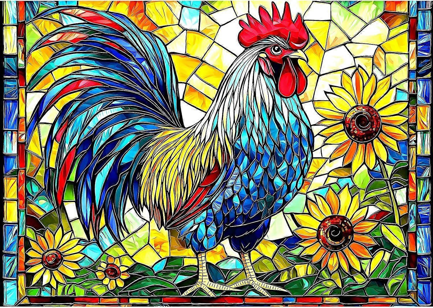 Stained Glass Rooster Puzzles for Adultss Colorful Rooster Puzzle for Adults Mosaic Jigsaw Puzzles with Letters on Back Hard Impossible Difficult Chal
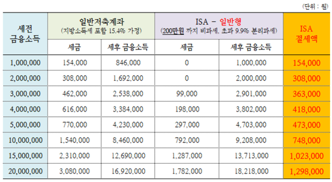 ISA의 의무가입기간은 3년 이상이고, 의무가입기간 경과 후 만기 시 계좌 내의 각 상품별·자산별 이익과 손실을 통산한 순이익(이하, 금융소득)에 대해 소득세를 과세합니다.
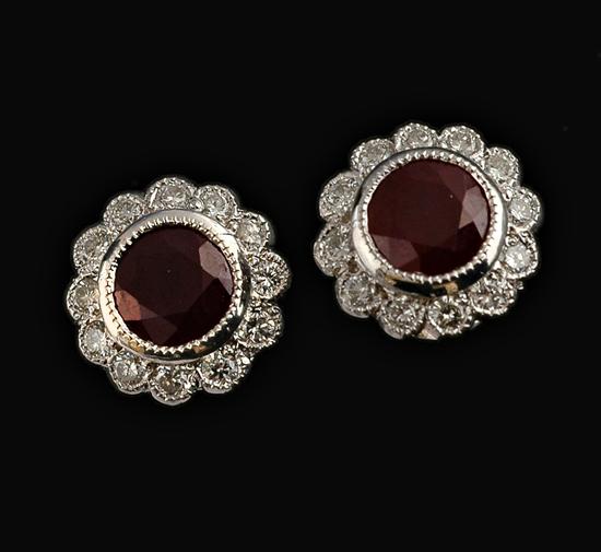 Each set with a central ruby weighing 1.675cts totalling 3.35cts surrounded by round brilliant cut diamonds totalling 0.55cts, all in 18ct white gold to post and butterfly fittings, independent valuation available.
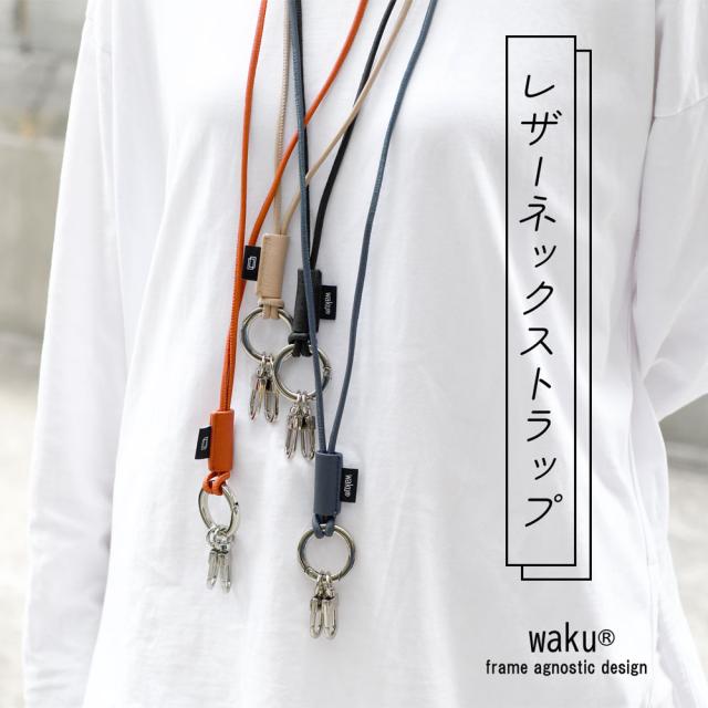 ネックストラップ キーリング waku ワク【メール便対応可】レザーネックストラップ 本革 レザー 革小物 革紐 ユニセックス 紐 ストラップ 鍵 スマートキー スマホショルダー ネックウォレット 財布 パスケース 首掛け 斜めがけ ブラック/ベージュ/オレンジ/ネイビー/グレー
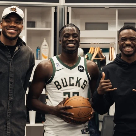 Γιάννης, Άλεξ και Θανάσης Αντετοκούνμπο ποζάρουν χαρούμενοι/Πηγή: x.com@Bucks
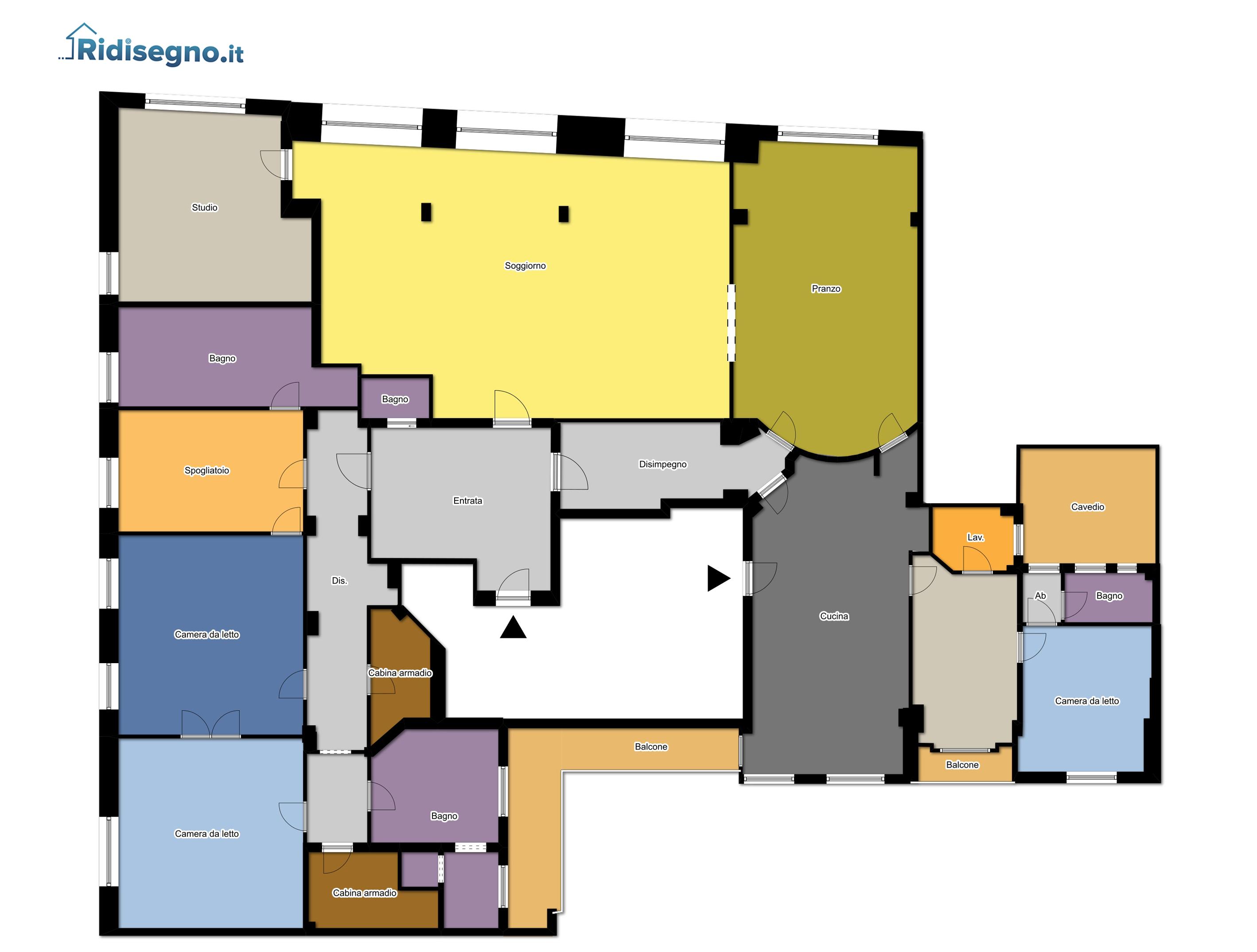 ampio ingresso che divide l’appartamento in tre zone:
==
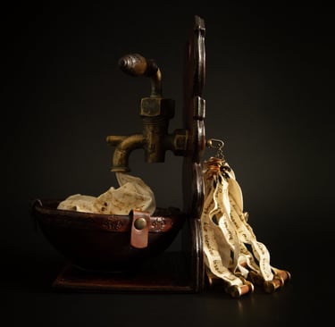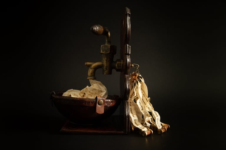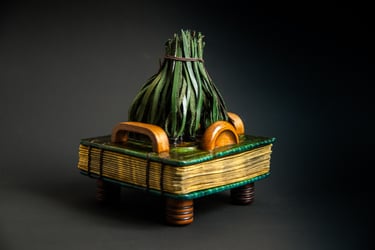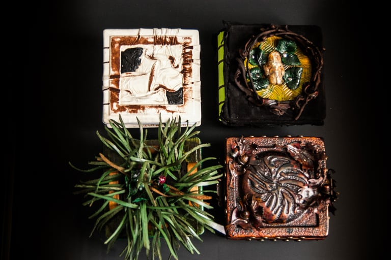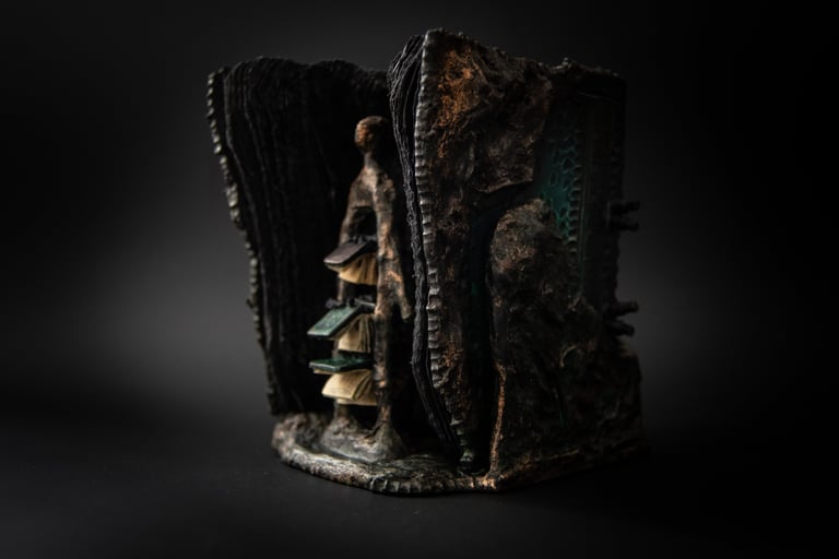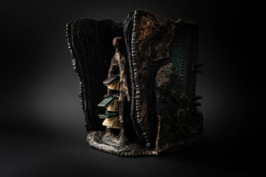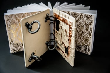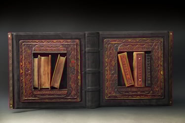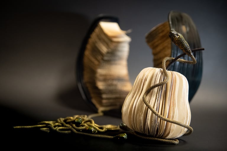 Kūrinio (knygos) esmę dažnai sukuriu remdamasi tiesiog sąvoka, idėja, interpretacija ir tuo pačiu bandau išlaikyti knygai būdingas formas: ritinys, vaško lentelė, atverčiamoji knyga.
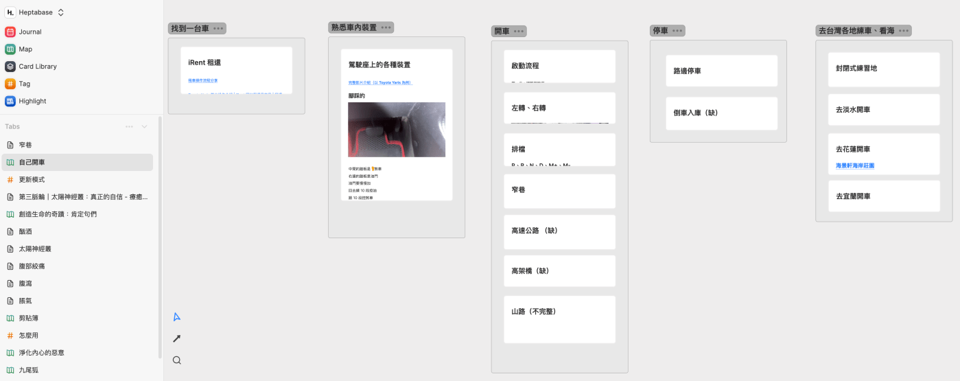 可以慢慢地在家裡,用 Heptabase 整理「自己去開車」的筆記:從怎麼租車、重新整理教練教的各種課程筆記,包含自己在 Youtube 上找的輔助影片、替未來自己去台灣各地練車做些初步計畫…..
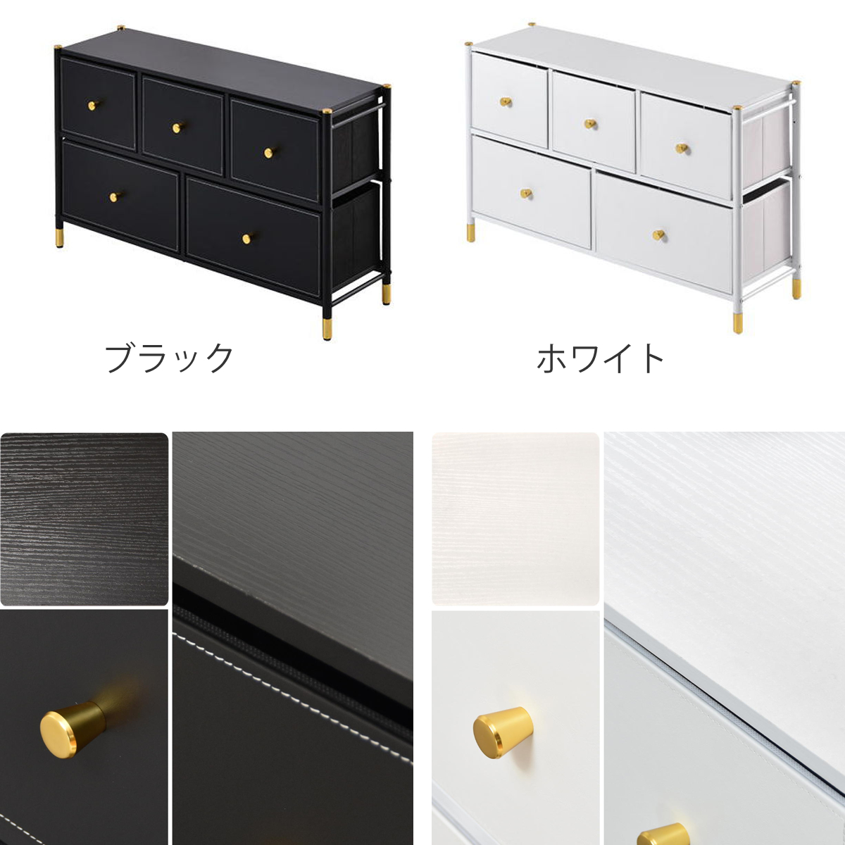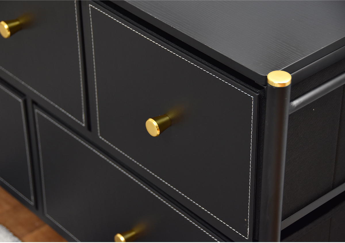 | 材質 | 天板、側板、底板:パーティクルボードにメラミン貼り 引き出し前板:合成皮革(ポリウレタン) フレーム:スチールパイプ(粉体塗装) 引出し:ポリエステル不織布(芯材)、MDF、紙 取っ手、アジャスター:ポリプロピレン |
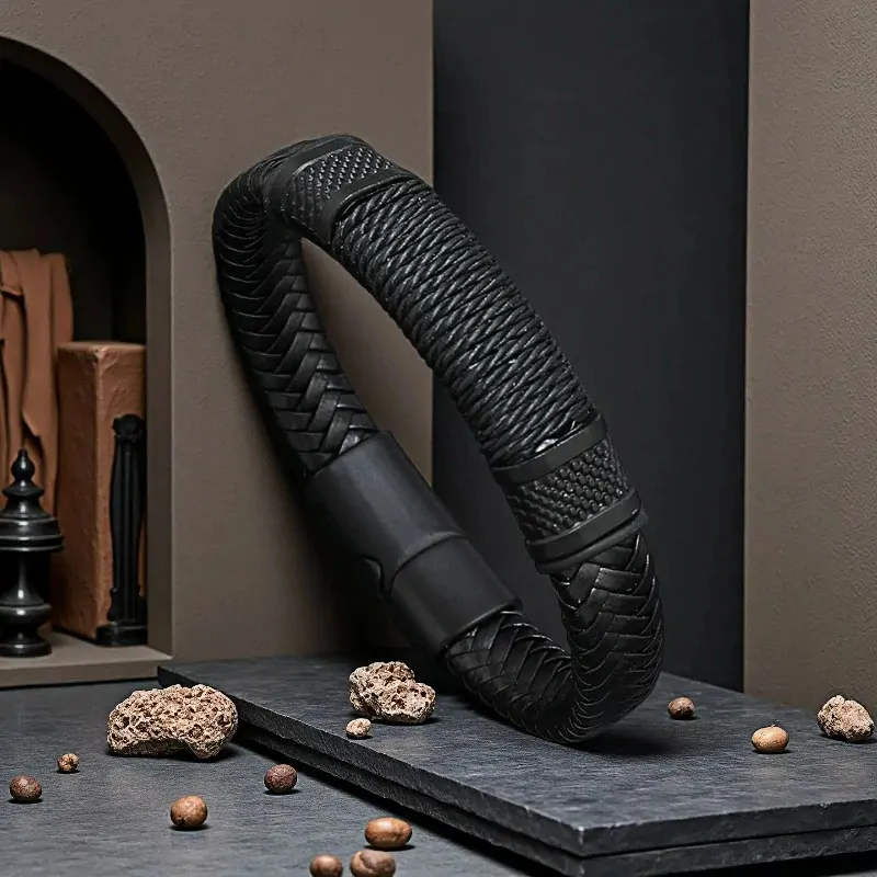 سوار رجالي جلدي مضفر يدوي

» Problem to solve: Look above for the line with "Stained Glass Rooster" and the line with "ISA의 의무가입기간은 3년". Output those two and everything between them exactly, pictures excluded.

» Output of the task:
 Stained Glass Rooster Puzzles for Adultss Colorful Rooster Puzzle for Adults Mosaic Jigsaw Puzzles with Letters on Back Hard Impossible Difficult Chal
 ISA의 의무가입기간은 3년 이상이고, 의무가입기간 경과 후 만기 시 계좌 내의 각 상품별·자산별 이익과 손실을 통산한 순이익(이하, 금융소득)에 대해 소득세를 과세합니다.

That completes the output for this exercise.